The Result: The ruling confirms that transfers of personal data from the EU to U.S. organizations that have certified under the DPF may continue based on the European Commission's adequacy decision.
Looking Ahead: While the General Court's decision allows continued use of the EU-U.S. DPF, further appeals and legal challenges are possible. The European Commission will keep monitoring U.S. data protection standards and may revise the adequacy decision if needed. Organizations should stay alert to legal developments and be ready to adjust their data transfer practices accordingly.
Background
As reported in our previous Jones Day Alert, the European Commission adopted the contested adequacy decision in July 2023 following U.S. reforms, notably Executive Order 14086 and the Attorney General's Regulation 28 CFR Part 201, which established the Data Protection Review Court ("DPRC").

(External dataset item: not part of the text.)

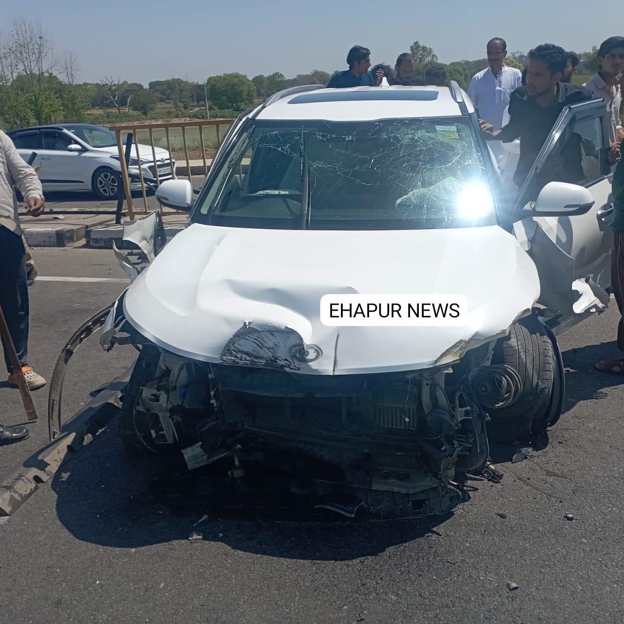 हापुड़, सीमन (ehapurnews.com): जनपद हापुड़ के बाबूगढ़ क्षेत्र के बछलौता फ्लाईओवर पर सोमवार को एक सफेद रंग की गाड़ी अनियंत्रित होकर डिवाइडर से टकरा गई। गनीमत रही कि किसी को चोट नहीं आई। हालांकि इस दौरान गाड़ी क्षतिग्रस्त हो गई। सूचना पर पुलिस मौके पर पहुंची और क्षतिग्रस्त वाहनों को हाईवे से हटाया।
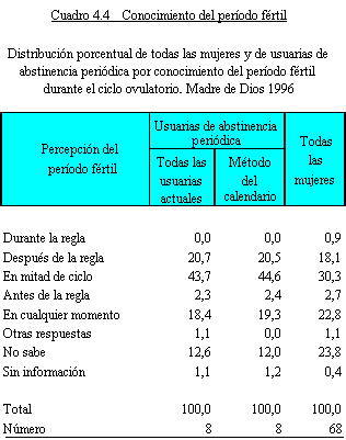 El resto de usuarias tiene un conocimiento inadecuado (43%) o no sabe nada sobre el particular (13%) y, como tal, están utilizando el método del ritmo en forma incorrecta, dando lugar a que algunas de ellas queden embarazadas sin quererlo.

The DPF was designed in response to the EU Court of Justice's Schrems I (2015) and Schrems II (2020) judgments, which invalidated previous frameworks for transferring data from the EU to the U.S. (the Safe Harbor and the EU-U.S. Privacy Shield; see our Jones Day Commentary on the Schrems II ruling).
French Member of Parliament Philippe Latombe challenged the European Commission's Implementing Decision (EU) 2023/1795 of July 10, 2023 (the "Adequacy Decision"), arguing that: (i) the DPRC lacked independence and impartiality; and (ii) U.S. intelligence agencies' practice of bulk data collection violated Articles 7, 8, and 47 of the Charter of Fundamental Rights of the EU.
The Court's Reasoning
On the DPRC's Independence: The General Court found that the DPRC's structure, appointment process, and safeguards, including limited grounds for dismissal and prohibition of undue influence, ensured independence and impartiality. It emphasized that the European Commission must continuously monitor the U.S. legal framework and can suspend, amend, or repeal the adequacy decision if protections deteriorate.
On Bulk Data Collection: The General Court ruled that the Schrems II ruling did not require ex ante authorization by an independent body for bulk collection. What matters in the court's review of the adequacy decision is the availability of ex post judicial review of the intelligence agencies' decisions to implement bulk data collection, which the DPRC provides. Accordingly, U.S. law is deemed to provide protections "essentially equivalent" to those under EU law.
As a result, the court found that, at the date of adoption of the adequacy decision, the U.S. legal framework ensured an adequate level of protection for personal data transferred under the DPF and the challenge by Philippe Latombe was dismissed in its entirety.
Three Key Takeaways
- Organizations located in the United States and having certified compliance with the DPF may continue to rely on this framework for receiving and processing personal data sent from the EU.
- The European Commission must continuously reassess the framework in light of legal or practical changes that may arise. Data exporters should also continue monitoring U.S. congressional and executive activity, as well as reports from the European Commission, to make sure the data transfer safeguards that they rely upon remain valid.
- The judgment can be appealed to the Court of Justice of the EU within two months and 10 days. Stakeholders should remain alert to possible further litigation relating to the DPF.